-------- Provided records --------

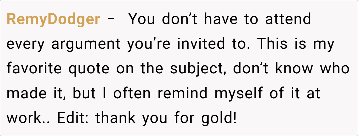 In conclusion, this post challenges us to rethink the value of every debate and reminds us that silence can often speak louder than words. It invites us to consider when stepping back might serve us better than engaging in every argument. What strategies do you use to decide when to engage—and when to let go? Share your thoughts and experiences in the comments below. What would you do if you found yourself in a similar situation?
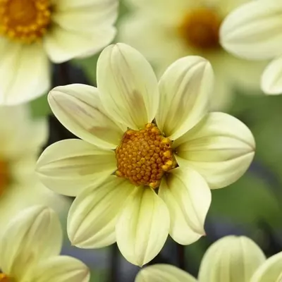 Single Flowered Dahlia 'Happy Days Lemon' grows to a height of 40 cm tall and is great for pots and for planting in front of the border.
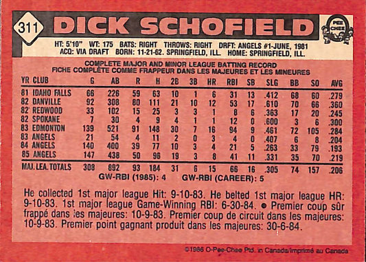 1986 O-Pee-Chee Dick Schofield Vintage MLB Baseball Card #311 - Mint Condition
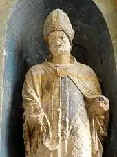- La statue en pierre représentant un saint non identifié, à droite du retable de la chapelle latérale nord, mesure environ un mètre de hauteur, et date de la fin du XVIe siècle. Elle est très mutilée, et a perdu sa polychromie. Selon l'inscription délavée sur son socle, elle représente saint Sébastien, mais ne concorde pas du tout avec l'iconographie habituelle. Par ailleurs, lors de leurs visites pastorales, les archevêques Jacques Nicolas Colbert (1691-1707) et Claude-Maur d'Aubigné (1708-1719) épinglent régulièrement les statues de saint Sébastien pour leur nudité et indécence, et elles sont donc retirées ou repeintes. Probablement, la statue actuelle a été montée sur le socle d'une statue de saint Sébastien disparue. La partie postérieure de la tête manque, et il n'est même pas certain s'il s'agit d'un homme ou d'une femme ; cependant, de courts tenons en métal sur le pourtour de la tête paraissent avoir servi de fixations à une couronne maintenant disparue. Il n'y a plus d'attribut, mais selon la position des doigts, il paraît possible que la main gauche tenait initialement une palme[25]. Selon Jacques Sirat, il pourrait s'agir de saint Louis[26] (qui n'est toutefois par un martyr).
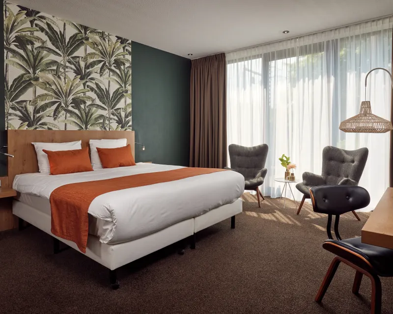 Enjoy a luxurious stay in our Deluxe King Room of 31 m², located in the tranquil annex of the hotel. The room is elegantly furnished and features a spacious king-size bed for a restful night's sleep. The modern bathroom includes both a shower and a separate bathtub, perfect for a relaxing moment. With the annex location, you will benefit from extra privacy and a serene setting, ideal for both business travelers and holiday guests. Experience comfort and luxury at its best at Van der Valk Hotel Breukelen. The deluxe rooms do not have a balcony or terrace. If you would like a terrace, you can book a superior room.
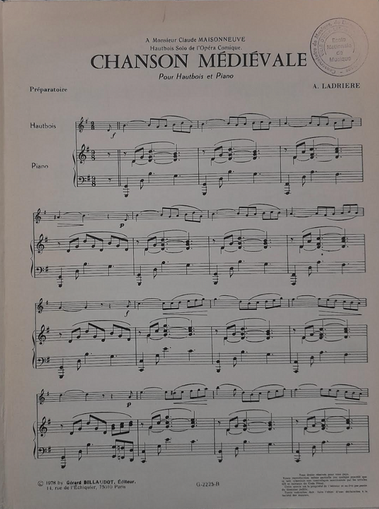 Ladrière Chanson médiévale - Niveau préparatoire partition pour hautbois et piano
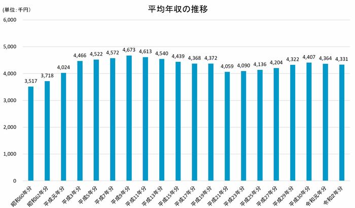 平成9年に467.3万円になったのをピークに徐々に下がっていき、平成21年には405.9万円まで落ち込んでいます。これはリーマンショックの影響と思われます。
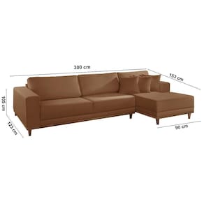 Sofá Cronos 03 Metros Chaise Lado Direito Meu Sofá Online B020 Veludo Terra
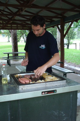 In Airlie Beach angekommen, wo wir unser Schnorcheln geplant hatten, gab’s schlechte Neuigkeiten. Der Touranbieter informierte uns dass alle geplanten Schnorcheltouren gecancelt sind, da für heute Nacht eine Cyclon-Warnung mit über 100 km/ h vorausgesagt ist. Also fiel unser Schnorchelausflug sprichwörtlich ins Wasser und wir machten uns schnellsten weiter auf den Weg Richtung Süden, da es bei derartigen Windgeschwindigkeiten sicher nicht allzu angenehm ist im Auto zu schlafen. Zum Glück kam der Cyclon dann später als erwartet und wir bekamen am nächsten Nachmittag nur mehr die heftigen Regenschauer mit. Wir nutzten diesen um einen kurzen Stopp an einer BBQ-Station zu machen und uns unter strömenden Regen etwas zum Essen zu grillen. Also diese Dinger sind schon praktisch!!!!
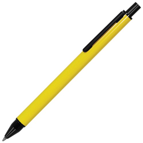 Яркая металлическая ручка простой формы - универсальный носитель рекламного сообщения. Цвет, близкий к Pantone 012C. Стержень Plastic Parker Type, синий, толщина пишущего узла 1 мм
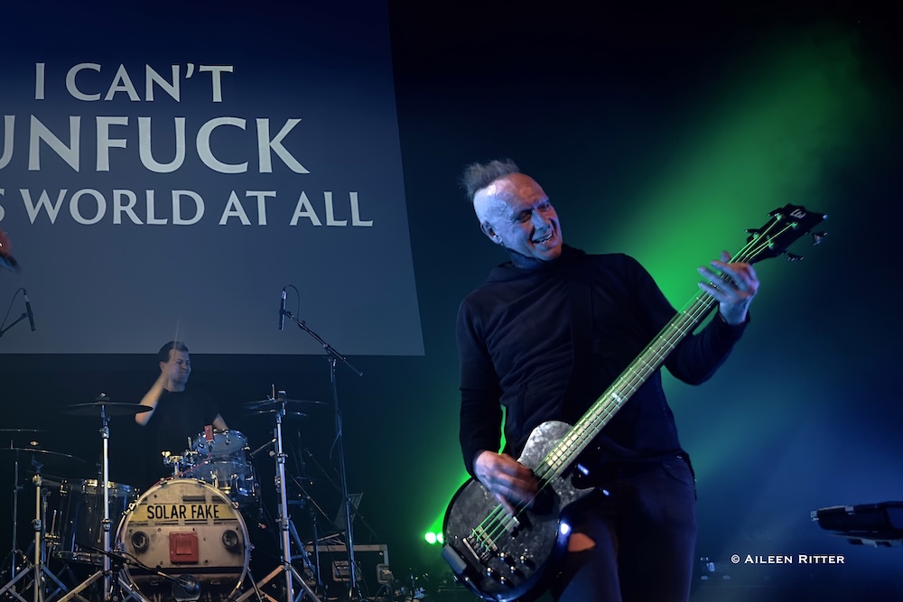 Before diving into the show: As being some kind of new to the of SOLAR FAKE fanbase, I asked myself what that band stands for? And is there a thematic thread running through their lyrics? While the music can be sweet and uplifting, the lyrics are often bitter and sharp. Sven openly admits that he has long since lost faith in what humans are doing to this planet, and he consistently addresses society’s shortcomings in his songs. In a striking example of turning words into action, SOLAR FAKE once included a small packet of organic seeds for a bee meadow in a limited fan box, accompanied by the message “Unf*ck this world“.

--------

• Work task
Every line from the one with "Ladrière Chanson médiévale" through the one with "Яркая металлическая ручка" is to be reproduced exactly as written above, and the pictures are to be dropped.

• Problem solution
 Ladrière Chanson médiévale - Niveau préparatoire partition pour hautbois et piano
 平成9年に467.3万円になったのをピークに徐々に下がっていき、平成21年には405.9万円まで落ち込んでいます。これはリーマンショックの影響と思われます。
 Sofá Cronos 03 Metros Chaise Lado Direito Meu Sofá Online B020 Veludo Terra
 In Airlie Beach angekommen, wo wir unser Schnorcheln geplant hatten, gab’s schlechte Neuigkeiten. Der Touranbieter informierte uns dass alle geplanten Schnorcheltouren gecancelt sind, da für heute Nacht eine Cyclon-Warnung mit über 100 km/ h vorausgesagt ist. Also fiel unser Schnorchelausflug sprichwörtlich ins Wasser und wir machten uns schnellsten weiter auf den Weg Richtung Süden, da es bei derartigen Windgeschwindigkeiten sicher nicht allzu angenehm ist im Auto zu schlafen. Zum Glück kam der Cyclon dann später als erwartet und wir bekamen am nächsten Nachmittag nur mehr die heftigen Regenschauer mit. Wir nutzten diesen um einen kurzen Stopp an einer BBQ-Station zu machen und uns unter strömenden Regen etwas zum Essen zu grillen. Also diese Dinger sind schon praktisch!!!!
 Яркая металлическая ручка простой формы - универсальный носитель рекламного сообщения. Цвет, близкий к Pantone 012C. Стержень Plastic Parker Type, синий, толщина пишущего узла 1 мм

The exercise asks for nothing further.